They had stripped him to the waist, spread his arms wide and fixed him to a cross-shaped alloy spar. His legs were bound together, but a nail had been driven through the wrist of his right hand (not the palm; that was a detail the stigma-inducing virus got wrong) and a much larger piece of metal had been rammed through the upper part of his severed left arm. These details, and the expression of numb agony on Haussmann’s face, had been rendered mercifully indistinct by the encasing process. But while it was not really possible to read his features, every nuance of his pain was written into the arc of his neck; the way his jaw was clenched as if in the throes of electrocution. They should have electrocuted him, I thought. It would have been kinder, no matter the crimes he had committed.
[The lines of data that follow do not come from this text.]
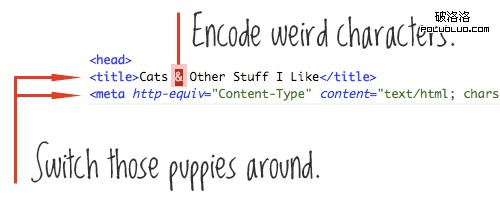 我們應該在代碼中使用字符編碼來實現,比如說“&”我們在代碼中應該使用“&”來代替他。
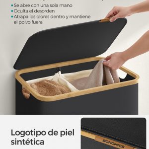 2 Amplios Compartimentos: Este cesto para ropa sucia cuenta con dos compartimentos espaciosos, con un total de 130 litros de capacidad. Con dimensiones de 52 x 38,5 x 70,5 cm, está diseñado para facilitar la clasificación y almacenamiento de la ropa de una familia, ayudándote a mantener todo organizado y listo para lavar.
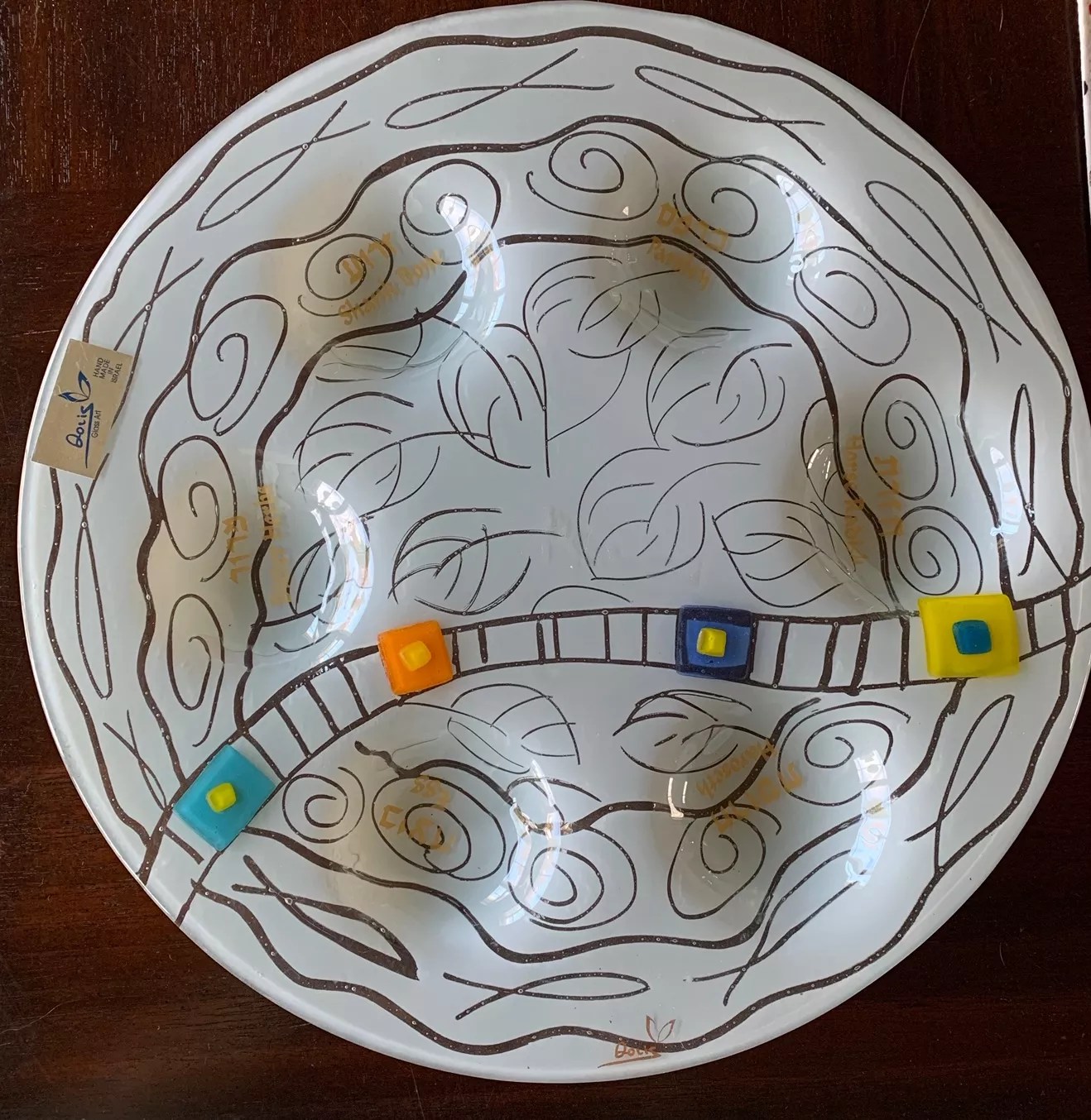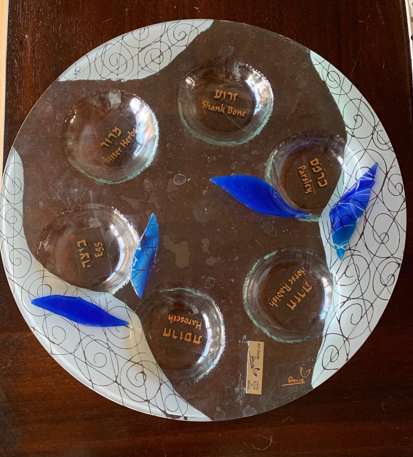 A traditional seder plate has a shank bone, egg, vegetable, bitter herbs and charoset.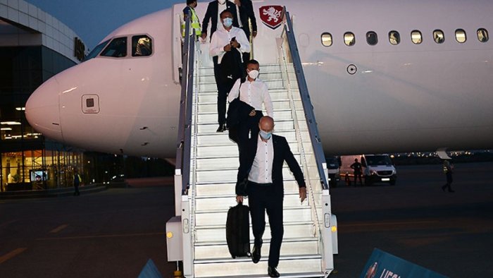 Çexiya millisi futbol üzrə Avropa çempionatının 1/4 final mərhələsində Danimarkaya qarşı keçirəcəkləri oyun üçün Bakıya yola düşüb.

But that would have been too simple. They were not just executing a man who had done terrible things, but glorifying a man who had also given them a whole world. In crucifying him, they were showing their adoration as fervently as their hate.

It had been like that ever since.

The elevator tracked past Sky, coming within metres of him, and I felt myself flinching; wishing that we could be clear of him as quickly as possible. It was as if the vast space was an echo chamber, reverberating with endless pain.

My palm itched. I rubbed it against the hand-rail, closing my eyes until we were free of the anchorpoint terminal; rising through night.


“More wine, Mr Mirabel?” asked the foxlike wife of the aristocrat sitting opposite me.

“No,” I said, dabbing my lips politely with the napkin. “If you don’t mind, I’ll retire. I’d like to watch the view while we climb.”

“That’s a shame,” the woman said, pursing her own lips in a pout of disappointment.

“Yes,” said her husband. “We’ll miss your stories, Tanner.”

I smiled. In truth, I’d done little more than grimace my way through an hour of stilted smalltalk while we dined. I had salted the conversation with the odd anecdote now and then, but only to fill the awkward silences which fell across the table when one or other of the participants made what might, within the ever-shifting loom of aristocratic etiquette, be construed as an indelicate remark. More than once I had to resolve arguments between the northern and southern factions, and in the process of doing so I had become the group’s default speaker. My disguise must not have been absolutely convincing, for even the northeners seemed to realise that there was not automatically any affiliation between me and the southerners.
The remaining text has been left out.